◆ ACTIVITY ◆
Word for word, please copy the listing below, with its pictures left out.

◆ DATASET CONTENT ◆
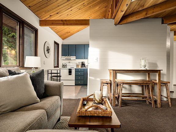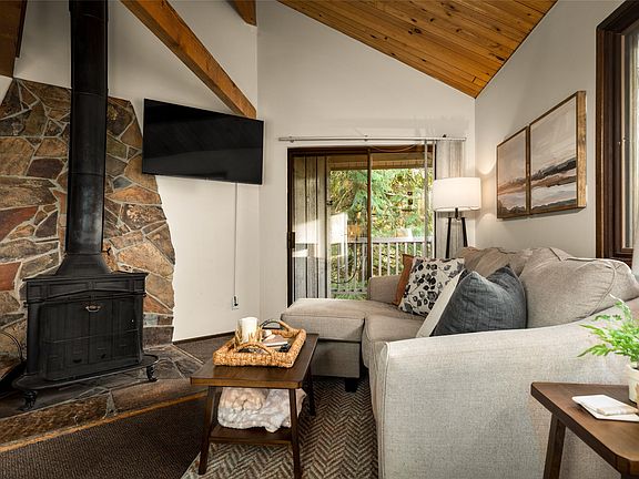 Experience the comfort of this Ptarmigan Village condominium on the road to Whitefish Mountain Resort. This furnished 2-bedroom plus loft, 2-bath condo sleeps 8 and offers access to indoor and outdoor pools, a hot tub, sauna, and lake access. Enjoy a cozy mountain feel with wood-planked ceilings, a stone fireplace, and a wood-burning stove. The main floor features a modern kitchen, dining for four, and a covered balcony. The lower level includes a queen primary bedroom and a bunk room with a twin-over-full and trundle. A loft with two twin beds adds extra sleeping space. With peaceful forest surroundings and convenient on-site parking, this welcoming three-level condo is an ideal Whitefish retreat. Ptarmigan Amenities: On-site amenities include walking trails, indoor pool with outdoor hot tub and sauna, outdoor pool, tennis, pickleball courts, fishing pond, playground and a nearby private Whitefish Lake beach area.
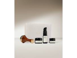Surya Spa Set is a 4 piece set that includes a Kansa wand, calming lip therapy, balancing face oil, balancing collagen cream.
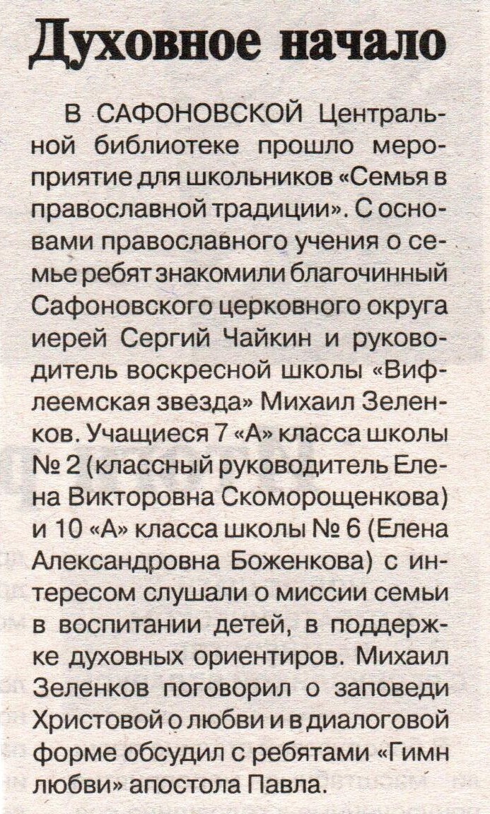 Духовное начало // Сафоновская правда. - 2025. - 6 ноября. - С. 1.

◆ RESULT BELOW ◆
 Experience the comfort of this Ptarmigan Village condominium on the road to Whitefish Mountain Resort. This furnished 2-bedroom plus loft, 2-bath condo sleeps 8 and offers access to indoor and outdoor pools, a hot tub, sauna, and lake access. Enjoy a cozy mountain feel with wood-planked ceilings, a stone fireplace, and a wood-burning stove. The main floor features a modern kitchen, dining for four, and a covered balcony. The lower level includes a queen primary bedroom and a bunk room with a twin-over-full and trundle. A loft with two twin beds adds extra sleeping space. With peaceful forest surroundings and convenient on-site parking, this welcoming three-level condo is an ideal Whitefish retreat. Ptarmigan Amenities: On-site amenities include walking trails, indoor pool with outdoor hot tub and sauna, outdoor pool, tennis, pickleball courts, fishing pond, playground and a nearby private Whitefish Lake beach area.
Surya Spa Set is a 4 piece set that includes a Kansa wand, calming lip therapy, balancing face oil, balancing collagen cream.
 Духовное начало // Сафоновская правда. - 2025. - 6 ноября. - С. 1.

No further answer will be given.